Re: Optimizing nbtree ScalarArrayOp execution, allowing multi-column ordered scans, skip scan

Поиск
Список
Период
Сортировка
От Matthias van de Meent
Тема Re: Optimizing nbtree ScalarArrayOp execution, allowing multi-column ordered scans, skip scan
Дата
Msg-id CAEze2WiR5eJgVqDHCEaO0=mDiUyXY_o-8aK-PTKVPCKba_E4Vg@mail.gmail.com
обсуждение исходный текст
Ответ на Re: Optimizing nbtree ScalarArrayOp execution, allowing multi-column ordered scans, skip scan  (Peter Geoghegan <pg@bowt.ie>)
Ответы Re: Optimizing nbtree ScalarArrayOp execution, allowing multi-column ordered scans, skip scan  (Peter Geoghegan <pg@bowt.ie>)
Список pgsql-hackers
On Wed, 8 Nov 2023 at 02:53, Peter Geoghegan <pg@bowt.ie> wrote:
>
> On Tue, Nov 7, 2023 at 4:20 AM Matthias van de Meent
> <boekewurm+postgres@gmail.com> wrote:
> > On Tue, 7 Nov 2023 at 00:03, Peter Geoghegan <pg@bowt.ie> wrote:
> > > I should be able to post v6 later this week. My current plan is to
> > > commit the other nbtree patch first (the backwards scan "boundary
> > > cases" one from the ongoing CF) -- since I saw your review earlier
> > > today. I think that you should probably wait for this v6 before
> > > starting your review.
> >
> > Okay, thanks for the update, then I'll wait for v6 to be posted.
>
> On second thought, I'll just post v6 now (there won't be conflicts
> against the master branch once the other patch is committed anyway).

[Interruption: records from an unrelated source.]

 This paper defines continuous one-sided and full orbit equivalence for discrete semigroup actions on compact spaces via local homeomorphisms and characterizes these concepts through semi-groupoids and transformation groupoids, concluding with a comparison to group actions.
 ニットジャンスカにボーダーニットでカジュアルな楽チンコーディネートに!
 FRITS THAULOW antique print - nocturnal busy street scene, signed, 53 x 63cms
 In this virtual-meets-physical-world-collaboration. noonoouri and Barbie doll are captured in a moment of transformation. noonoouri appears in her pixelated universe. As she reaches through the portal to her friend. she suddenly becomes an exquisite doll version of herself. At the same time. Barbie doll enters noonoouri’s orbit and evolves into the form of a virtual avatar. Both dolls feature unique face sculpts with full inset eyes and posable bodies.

Thanks. Here's my review of the btree-related code:

> +++ b/src/backend/access/nbtree/nbtsearch.c
> @@ -1625,8 +1633,9 @@ _bt_readpage(IndexScanDesc scan, ScanDirection dir, OffsetNumber offnum)
>          * set flag to true if all required keys are satisfied and false
>          * otherwise.
>          */
> -        (void) _bt_checkkeys(scan, itup, indnatts, dir,
> -                             &requiredMatchedByPrecheck, false);
> +        _bt_checkkeys(scan, &pstate, itup, false, false);
> +        requiredMatchedByPrecheck = pstate.continuescan;
> +        pstate.continuescan = true; /* reset */

The comment above the updated section needs to be updated.

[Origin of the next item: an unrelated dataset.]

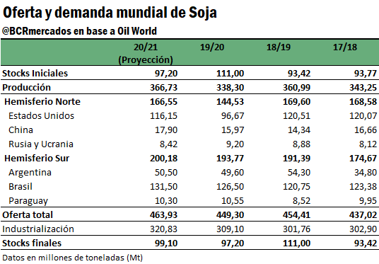 En su último informe, el organismo alemán prevé un panorama ajustado las cadenas globales de oleaginosas, producto de una reducción en su estimación de stocks iniciales, sumado a una rebaja en las previsiones de producción en los Estados Unidos, Argentina y Brasil. Al mismo tiempo, destaca la política de venta de los productores en nuestro país y la fuerte demanda por parte de China, como factores que vienen impulsando la escasez relativa y la suba en los precios de la oleaginosa.
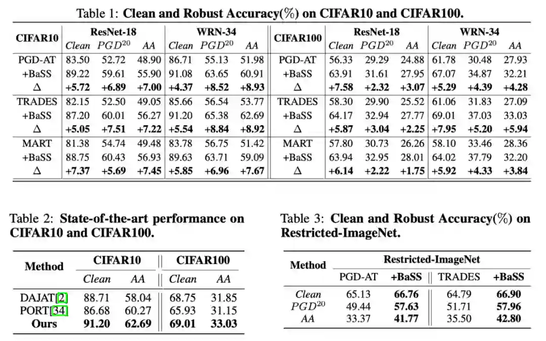 我们利用BaSS策略修改输入图像,并结合PGD-AT、TRADES和MART训练模型。

> @@ -1625,8 +1633,9 @@ _bt_readpage(IndexScanDesc scan, ScanDirection dir, OffsetNumber offnum)
>          * set flag to true if all required keys are satisfied and false
>          * otherwise.
>          */
> -        (void) _bt_checkkeys(scan, itup, indnatts, dir,
> -                             &requiredMatchedByPrecheck, false);
> +        _bt_checkkeys(scan, &pstate, itup, false, false);

This 'false' finaltup argument is surely wrong for the rightmost
page's rightmost tuple, no?

> +++ b/src/backend/access/nbtree/nbtutils.c
> @@ -357,6 +431,46 @@ _bt_preprocess_array_keys(IndexScanDesc scan)
> +            /* We could pfree(elem_values) after, but not worth the cycles */
> +            num_elems = _bt_merge_arrays(scan, cur,
> +                                         (indoption[cur->sk_attno - 1] & INDOPTION_DESC) != 0,
> +                                         prev->elem_values, prev->num_elems,
> +                                         elem_values, num_elems);

This code can get hit several times when there are multiple = ANY
clauses, which may result in repeated leakage of these arrays during
this scan. I think cleaning up may well be worth the cycles when the
total size of the arrays is large enough.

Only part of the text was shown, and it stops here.